Now, if it were that easy, this really would be a short chapter. Hire better creatives, make better content, and you’d be good to go. The problem is that there are three forces that have made it more difficult than it used to be for even the most talented creatives to organically deliver awesome content on Facebook: the masses, the evolution of the masses, and Facebook’s response to the evolution of the masses.

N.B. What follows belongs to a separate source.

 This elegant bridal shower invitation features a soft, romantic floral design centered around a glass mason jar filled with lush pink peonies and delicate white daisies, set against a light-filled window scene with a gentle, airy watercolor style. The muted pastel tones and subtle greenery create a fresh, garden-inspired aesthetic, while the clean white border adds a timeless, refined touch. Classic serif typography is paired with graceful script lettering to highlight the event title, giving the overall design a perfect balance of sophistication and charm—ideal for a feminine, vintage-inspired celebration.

The very thing that makes marketers want to have a presence on Facebook—the sheer number of users—makes the platform a marketing challenge. A billion users, and all the content they generate, creates a conundrum: with so many pieces of content streaming into consumers’ News Feeds and competing for attention, it’s unlikely they will see any content you post, even the good stuff.

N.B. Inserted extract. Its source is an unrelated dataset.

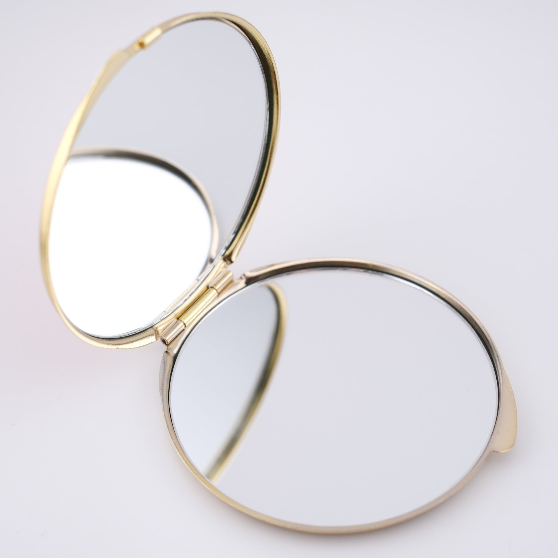 A striking vintage compact mirror by Lanvin Parfums, featuring a vivid red enamel lid adorned with the brand’s gold lettering. The mirror opens to reveal two clear mirrors, ideal for daily touch-ups or display as a collectible beauty accessory. The gold-tone frame adds an elegant finish, making it both practical and timelessly chic.

In addition, users are human. They age and mature. They grow up, break up, have kids, quit the guitar, take up fencing, or go vegetarian. The user who became your fan in 2010 will not be the same fan in 2014. But even though he’s changed, he probably hasn’t thought to go back and remove outdated information about his tastes and preferences on Facebook. We’re always going to follow more people and brands than we need to. We may not be watching this TV show anymore nor following that actor, but we don’t unfollow their pages as we move on in life. As those bygone interests fade from our consciousness, we expect them to fade from our pages and News Feeds, too.

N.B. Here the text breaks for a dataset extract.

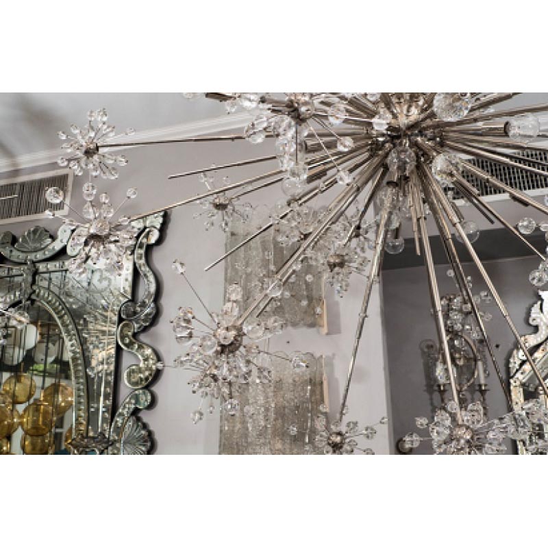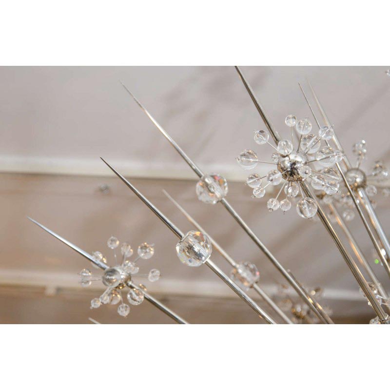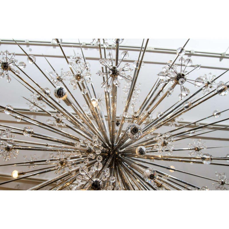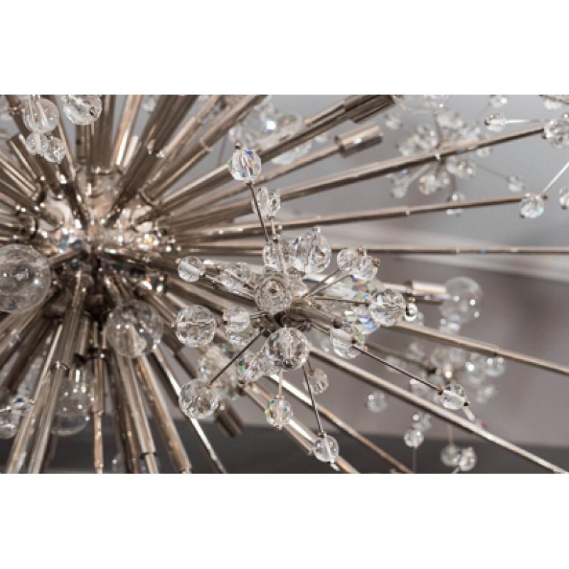 Be the life of the party ALL the time with this extremely elegant, yet modern Crystal Esprit Sputniklighting fixture that glows with sophistication and pristine style. In addition to its extensively detailed design, there is also a huge celestial and space-oriented inspiration for this piece. The inspiration for it came from Wallace K. Harrison, the architect of the Metropolitan Opera House, when he gave the designers of the original Sputnik, pictures of the galaxy. The original Sputniks are one of the most recognizable features of the opera house, and it's said that you can even see them through the windows from the outside!

Facebook knows this. Long ago, when college students were the biggest population on Facebook and the user pool was relatively small, people’s News Feeds were organized chronologically. But as the user base grew—and grew and grew—Facebook had to figure out how to prevent users’ streams from getting clogged up with posts they weren’t interested in. It didn’t want to be Twitter, with its waterfall of content from every person, organization, brand, and business in which users ever expressed interest; it wanted to curate our News Feed and make sure the majority of what we saw was always important and relevant to us. To help mitigate the consequences of literal TMI, Facebook finally settled on an algorithm called EdgeRank. Every interaction a person has with Facebook, from posting a status update or a photo, to liking, sharing, or commenting, is called an “edge,” and theoretically, every edge channels into the news stream. But not everyone who could see these edges actually does, because EdgeRank is constantly reading algorithmic tea leaves to determine which edges are most interesting to the most number of people. It tracks all the engagement a user’s own content receives, as well as the engagement a user has with other people’s or brands’ content. The more engagement a user has with a piece of content, the stronger EdgeRank believes that user’s interest will be in similar content, and it filters that person’s news stream accordingly (a randomizer ensures that occasionally we’ll see a post from someone we haven’t talked to in years, thus keeping Facebook fresh and surprising). For example, EdgeRank makes sure that a user who often likes or comments on a friend’s photos, but who ignores that friend’s plain-text status updates, will see more of that friend’s photos and fewer of his status updates. Every engagement, whether between friends or between users and brands, strengthens their connection and the likelihood that EdgeRank will push appropriate content from those friends and brands to the top of a user’s News Feed. That’s of course where you, the marketer, want to see your brand or business.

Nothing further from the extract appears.